Why EC2 isn’t yet a platform for “normal” web applications

In a previous article, On Grids, the Ambitions of Amazon and Joyent, I made a few premises:

  • The autoprovisioning and account management (and therefore the accessibility) is the improvement over a service like Sun’s Grid
  • There’s no way that Amazon.com is literally coming off of S3 and EC2 (one datacenter and no CDN abilities? I don’t think so).
  • That it’s a PR case study in flipping from real technical reasons (the world could use this) to bogus reasons (selling excess capacity, in which there is no such thing).
  • The webmail.us case study is a perfect use case and people should recognize it as a moment in our industry when someone started using a “true grid service” to augment their own servers (and did so with a credit card).
  • That evangelists beating the same drum again and again is a powerful thing

Let’s be clear, EC2 is fine when you’re doing batch, parallel things on data that’s sitting in S3. In line with the economics favoring compute being by data (Jim Gray’s Distributed Computing Economics), and is definitely an improvement over other publicly available batch systems. I can see why it would be attractive to those working on science grids, one just has to overcome the large data set in proximity to compute issue.

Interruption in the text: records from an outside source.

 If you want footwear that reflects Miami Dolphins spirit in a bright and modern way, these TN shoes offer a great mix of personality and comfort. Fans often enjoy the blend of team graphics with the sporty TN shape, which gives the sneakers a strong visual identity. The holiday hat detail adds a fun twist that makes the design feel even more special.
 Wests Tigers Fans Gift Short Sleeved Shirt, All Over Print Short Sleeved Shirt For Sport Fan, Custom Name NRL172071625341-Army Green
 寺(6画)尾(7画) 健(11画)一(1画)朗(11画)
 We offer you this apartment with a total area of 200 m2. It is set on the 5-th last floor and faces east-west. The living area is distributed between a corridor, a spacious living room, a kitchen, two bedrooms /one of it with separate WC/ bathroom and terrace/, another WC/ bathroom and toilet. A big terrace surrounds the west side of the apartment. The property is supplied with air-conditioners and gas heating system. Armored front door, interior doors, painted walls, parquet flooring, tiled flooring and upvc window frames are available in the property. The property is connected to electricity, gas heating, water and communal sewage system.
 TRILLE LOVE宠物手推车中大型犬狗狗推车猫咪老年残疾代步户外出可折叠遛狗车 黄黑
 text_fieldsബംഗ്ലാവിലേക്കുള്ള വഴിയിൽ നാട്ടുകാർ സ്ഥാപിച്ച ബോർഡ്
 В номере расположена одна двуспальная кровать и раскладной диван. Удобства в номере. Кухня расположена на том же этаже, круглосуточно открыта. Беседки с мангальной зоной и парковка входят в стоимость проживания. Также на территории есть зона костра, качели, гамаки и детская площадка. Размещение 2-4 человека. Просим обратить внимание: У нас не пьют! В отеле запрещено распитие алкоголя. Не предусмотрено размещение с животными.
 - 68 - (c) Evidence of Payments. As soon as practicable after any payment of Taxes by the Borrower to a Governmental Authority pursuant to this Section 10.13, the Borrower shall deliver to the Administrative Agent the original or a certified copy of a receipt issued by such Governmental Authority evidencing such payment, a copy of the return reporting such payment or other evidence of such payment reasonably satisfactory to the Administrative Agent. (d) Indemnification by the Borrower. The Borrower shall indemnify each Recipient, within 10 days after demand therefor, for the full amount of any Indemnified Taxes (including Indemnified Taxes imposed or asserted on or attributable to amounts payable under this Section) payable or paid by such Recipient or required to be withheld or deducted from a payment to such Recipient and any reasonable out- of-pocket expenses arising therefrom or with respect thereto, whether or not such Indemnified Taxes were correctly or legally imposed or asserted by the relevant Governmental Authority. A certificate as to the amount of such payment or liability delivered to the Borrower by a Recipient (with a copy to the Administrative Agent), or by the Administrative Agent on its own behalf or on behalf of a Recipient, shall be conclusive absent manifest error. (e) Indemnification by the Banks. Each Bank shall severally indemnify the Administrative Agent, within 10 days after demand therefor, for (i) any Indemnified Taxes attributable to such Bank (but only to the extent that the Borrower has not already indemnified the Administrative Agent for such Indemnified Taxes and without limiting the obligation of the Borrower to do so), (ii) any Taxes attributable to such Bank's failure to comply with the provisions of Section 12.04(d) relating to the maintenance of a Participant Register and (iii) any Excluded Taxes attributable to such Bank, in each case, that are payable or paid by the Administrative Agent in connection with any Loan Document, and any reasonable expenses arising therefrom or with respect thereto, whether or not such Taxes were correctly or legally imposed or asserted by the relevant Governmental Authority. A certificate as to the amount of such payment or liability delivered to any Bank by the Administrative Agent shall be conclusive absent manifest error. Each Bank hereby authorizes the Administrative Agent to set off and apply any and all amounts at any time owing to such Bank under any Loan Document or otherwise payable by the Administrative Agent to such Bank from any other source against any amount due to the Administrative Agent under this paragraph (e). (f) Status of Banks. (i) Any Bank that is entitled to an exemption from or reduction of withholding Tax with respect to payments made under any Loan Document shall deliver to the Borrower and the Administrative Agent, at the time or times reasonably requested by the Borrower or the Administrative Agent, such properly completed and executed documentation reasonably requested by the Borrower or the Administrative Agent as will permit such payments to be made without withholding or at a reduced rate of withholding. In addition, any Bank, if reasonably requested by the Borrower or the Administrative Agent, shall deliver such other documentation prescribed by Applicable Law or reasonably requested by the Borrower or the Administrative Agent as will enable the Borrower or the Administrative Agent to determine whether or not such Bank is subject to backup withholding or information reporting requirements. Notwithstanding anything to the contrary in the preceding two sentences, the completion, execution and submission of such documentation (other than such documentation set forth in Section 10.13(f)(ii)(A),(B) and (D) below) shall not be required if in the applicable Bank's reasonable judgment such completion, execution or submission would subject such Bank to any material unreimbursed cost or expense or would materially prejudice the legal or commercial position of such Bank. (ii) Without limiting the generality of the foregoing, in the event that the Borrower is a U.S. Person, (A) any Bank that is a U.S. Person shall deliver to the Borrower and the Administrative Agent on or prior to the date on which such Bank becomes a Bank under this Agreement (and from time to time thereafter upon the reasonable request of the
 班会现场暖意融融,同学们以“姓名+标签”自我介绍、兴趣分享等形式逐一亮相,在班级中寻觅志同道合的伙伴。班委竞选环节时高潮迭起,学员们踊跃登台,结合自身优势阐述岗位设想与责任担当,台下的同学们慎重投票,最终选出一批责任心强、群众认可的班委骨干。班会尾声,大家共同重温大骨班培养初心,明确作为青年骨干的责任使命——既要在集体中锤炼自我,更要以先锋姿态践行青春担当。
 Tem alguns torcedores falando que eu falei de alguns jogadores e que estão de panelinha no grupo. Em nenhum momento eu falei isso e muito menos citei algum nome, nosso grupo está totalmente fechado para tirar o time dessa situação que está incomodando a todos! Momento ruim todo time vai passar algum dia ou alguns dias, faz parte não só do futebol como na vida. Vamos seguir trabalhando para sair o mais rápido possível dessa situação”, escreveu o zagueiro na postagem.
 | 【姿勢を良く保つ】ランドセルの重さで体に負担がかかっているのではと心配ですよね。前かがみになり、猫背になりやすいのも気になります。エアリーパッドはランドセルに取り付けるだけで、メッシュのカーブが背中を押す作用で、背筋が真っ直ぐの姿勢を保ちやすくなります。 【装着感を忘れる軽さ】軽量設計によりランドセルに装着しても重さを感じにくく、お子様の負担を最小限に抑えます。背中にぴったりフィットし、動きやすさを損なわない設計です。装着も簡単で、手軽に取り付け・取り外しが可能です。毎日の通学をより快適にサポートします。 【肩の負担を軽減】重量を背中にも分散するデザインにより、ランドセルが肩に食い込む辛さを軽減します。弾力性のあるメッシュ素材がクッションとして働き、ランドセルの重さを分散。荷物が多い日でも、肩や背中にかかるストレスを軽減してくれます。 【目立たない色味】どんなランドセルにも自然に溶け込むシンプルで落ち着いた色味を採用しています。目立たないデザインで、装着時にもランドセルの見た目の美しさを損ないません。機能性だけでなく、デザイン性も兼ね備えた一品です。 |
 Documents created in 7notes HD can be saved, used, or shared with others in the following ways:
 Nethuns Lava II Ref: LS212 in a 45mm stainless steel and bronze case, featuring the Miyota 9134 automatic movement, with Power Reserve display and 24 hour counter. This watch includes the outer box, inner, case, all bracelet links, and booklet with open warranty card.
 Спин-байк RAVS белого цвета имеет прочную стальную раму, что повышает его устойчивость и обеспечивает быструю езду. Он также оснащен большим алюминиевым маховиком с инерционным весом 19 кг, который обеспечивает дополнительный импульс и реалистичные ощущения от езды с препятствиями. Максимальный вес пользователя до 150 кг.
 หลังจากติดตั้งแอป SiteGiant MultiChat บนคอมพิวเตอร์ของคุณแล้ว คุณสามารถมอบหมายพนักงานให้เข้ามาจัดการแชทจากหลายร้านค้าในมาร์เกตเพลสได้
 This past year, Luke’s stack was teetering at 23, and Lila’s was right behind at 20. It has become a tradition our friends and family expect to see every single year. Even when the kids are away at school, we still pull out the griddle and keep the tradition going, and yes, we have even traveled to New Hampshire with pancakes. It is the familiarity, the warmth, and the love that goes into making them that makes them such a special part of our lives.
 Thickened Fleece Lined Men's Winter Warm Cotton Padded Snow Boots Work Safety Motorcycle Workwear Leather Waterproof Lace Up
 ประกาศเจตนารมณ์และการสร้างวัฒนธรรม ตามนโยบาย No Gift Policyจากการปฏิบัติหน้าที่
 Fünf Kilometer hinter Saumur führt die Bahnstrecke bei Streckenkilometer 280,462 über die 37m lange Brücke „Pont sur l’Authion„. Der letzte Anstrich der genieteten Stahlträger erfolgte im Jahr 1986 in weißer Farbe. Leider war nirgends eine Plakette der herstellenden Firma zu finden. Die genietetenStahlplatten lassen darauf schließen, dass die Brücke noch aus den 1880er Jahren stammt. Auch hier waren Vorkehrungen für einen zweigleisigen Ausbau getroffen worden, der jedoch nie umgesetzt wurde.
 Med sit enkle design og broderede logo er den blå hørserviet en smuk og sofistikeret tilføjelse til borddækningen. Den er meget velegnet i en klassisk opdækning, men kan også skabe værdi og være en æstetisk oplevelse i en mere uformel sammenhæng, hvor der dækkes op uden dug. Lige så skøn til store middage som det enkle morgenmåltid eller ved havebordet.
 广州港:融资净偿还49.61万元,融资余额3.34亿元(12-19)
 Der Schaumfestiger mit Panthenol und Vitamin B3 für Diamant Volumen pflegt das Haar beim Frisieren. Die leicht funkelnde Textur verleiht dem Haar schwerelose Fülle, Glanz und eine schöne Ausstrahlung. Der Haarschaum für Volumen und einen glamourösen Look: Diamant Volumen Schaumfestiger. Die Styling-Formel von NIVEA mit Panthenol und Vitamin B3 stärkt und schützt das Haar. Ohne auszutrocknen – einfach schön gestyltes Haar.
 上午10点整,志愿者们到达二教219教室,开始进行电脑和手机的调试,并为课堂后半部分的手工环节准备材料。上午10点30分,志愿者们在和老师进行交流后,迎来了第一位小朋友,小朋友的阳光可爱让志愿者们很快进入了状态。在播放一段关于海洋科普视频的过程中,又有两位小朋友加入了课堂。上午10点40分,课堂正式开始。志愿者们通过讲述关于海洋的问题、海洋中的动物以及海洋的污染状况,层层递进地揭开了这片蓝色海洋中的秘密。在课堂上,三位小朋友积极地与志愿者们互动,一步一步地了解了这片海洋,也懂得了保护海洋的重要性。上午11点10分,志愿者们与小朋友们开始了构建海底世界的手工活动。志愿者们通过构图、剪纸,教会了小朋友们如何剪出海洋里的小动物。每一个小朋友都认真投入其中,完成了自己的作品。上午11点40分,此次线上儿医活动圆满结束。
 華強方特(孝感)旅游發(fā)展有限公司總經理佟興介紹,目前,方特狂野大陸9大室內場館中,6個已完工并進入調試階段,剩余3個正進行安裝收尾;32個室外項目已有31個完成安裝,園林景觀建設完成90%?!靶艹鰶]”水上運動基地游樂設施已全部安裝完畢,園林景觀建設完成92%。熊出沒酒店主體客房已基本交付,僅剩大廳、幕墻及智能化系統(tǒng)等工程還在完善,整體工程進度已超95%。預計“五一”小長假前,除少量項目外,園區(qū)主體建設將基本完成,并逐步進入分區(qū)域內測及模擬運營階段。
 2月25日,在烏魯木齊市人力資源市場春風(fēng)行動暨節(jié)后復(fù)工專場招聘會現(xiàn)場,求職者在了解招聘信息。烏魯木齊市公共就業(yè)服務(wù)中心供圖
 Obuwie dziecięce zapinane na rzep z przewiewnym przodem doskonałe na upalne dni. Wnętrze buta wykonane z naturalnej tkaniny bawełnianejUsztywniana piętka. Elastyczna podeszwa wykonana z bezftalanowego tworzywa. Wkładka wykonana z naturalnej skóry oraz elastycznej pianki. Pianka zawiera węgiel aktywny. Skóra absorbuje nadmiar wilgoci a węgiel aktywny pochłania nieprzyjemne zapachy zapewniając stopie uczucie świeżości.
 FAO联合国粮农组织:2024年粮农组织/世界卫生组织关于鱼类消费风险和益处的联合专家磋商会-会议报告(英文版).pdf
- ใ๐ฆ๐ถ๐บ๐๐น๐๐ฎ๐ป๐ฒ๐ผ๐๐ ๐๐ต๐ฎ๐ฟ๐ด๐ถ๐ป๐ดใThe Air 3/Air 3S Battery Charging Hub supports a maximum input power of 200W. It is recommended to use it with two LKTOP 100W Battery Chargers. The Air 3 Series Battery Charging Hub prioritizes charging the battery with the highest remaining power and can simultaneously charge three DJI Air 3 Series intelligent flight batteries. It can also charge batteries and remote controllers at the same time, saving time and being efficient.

However, the promise of unlimited scalability (at least in the “scale up” direction) for normal web applications has no basis and is not technically possible beyond normal limits with EC2. A “normal” web application is that one that has to always be up and persistent.

And I get a bit irritated when I come across sentences like Jinesh’s at RailsConf: “infinity auto-scalable on-demand computing resource” (here)

I know that is has no basis because it lacks at least one critical thing: real application switches.

Yes, I’m now calling load balancers application switches because I think one has to distinguish software on a general purpose server from dedicated, high-end switching hardware. For example, OpenBSD is a great operating system and has OpenBGPD, and while I could slap it onto a couple of one unit servers to function as my routers, I wouldn’t do that above a certain level.

There is a difference in the horizontal scalability for how many rails processes you can hit in the backend (previous joyeur). The limit is typically <1000 req/second and not that many mongrels, so it’s pretty easy to know that any Rails application on EC2 is not pushing a lot of traffic.

While you might think I’m biased because we do have the Accelerator product line, let me make it clear that we have that product line because we’ve also had to scale some of the oldest Rails applications around, and that constantly feeds back into the design.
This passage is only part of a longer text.